Юрий нырнул в темноту и побежал. Через секунду он уже был в маленьком глухом колодце двора перед черневшими дверями двух мрачных подъездов. Тот, что слева, проходной, именно здесь они любили играть в индейцев и ковбоев. Подъезд был «Ущельем Смерти», которое вело прямо в волшебную страну «Зарем».
…По подъезду он бежал с закрытыми глазами, как бегал в детстве. Сейчас налево… Нога нащупала ступеньку, секунда – и Юрий был уже в «стране Зарем», то есть в другом дворе, таком же глухом и тихом. Какая-то дама, несшая корзину с бельем, удивленно замерла и уступила дорогу. Здесь было целых три подъезда, проходной – средний…
Вновь очутившись в темноте, Юрий вдруг представил, что он не бежит дальше, а прячется здесь, и, когда первый «топтун» все-таки находит дорогу, хватает его мертвой хваткой за горло, отбирает оружие и документы… Орловский грустно усмехнулся – драться не приходилось с самого детства, а враги были не «по игре», а настоящие. Он бросился дальше и вновь оказался во дворе, но уже большом, шумном, где играли дети, и стояла серая, чуть скособоченная от времени голубятня.
Юрий перешел на шаг, не желая привлекать лишнего внимания. Влево, к сараям… Возле одного из них росло дерево – высокий тополь с изогнутым кривым стволом. Орловский улыбнулся: какой-то карапуз как раз пытался забраться по стволу наверх…

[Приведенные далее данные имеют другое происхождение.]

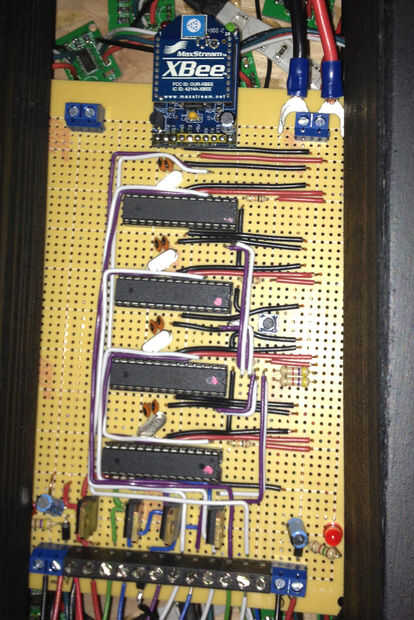 El receptor contiene cuatro chips de Atmega328 con Arduino bootloader también cuatro Mosfets de canal N para ayudar a controlar los LEDs RGB y el inversor. Los cuatro 328s puede transferir información utilizando el bus i2c.

Орловский расстегнул пиджак – и через секунду был уже на крыше сарая. Гулко отозвалась потревоженная жесть. Когда-то на шум выбегал хозяин – татарин, местный дворник. Жив ли он еще?.. Пять шагов – и Юрий был уже на противоположном краю крыши. Здесь надо прыгать.
…Орловский мягко опустился на землю, привычно согнув ноги в коленях. Какой-то мужчина с негромкой руганью шарахнулся в сторону, но Юрий даже не оглянулся. Впереди был еще один двор, на этот раз совсем маленький. Правда, единственный подъезд не имел сквозного прохода, но рядом – калитка, которая вела через небольшой палисадник на улицу.
Калитка оказалась наглухо заколоченной, но забор был невысок, мгновение – и Орловский очутился в знакомом палисаднике. Мелкая собачонка, похожая на крысу, успела пару раз недоуменно тявкнуть, но Юрий был уже у другой калитки, выходившей на улицу. Он прошел квартал насквозь. Чтобы обойти по улицам, даже зная, куда направляешься, потребуется ровно втрое больше времени. Последнее было много раз проверено во время лихих погонь еще в детские годы. Орловский удовлетворенно улыбнулся и достал папиросы. Рука уже тянулась к спичкам…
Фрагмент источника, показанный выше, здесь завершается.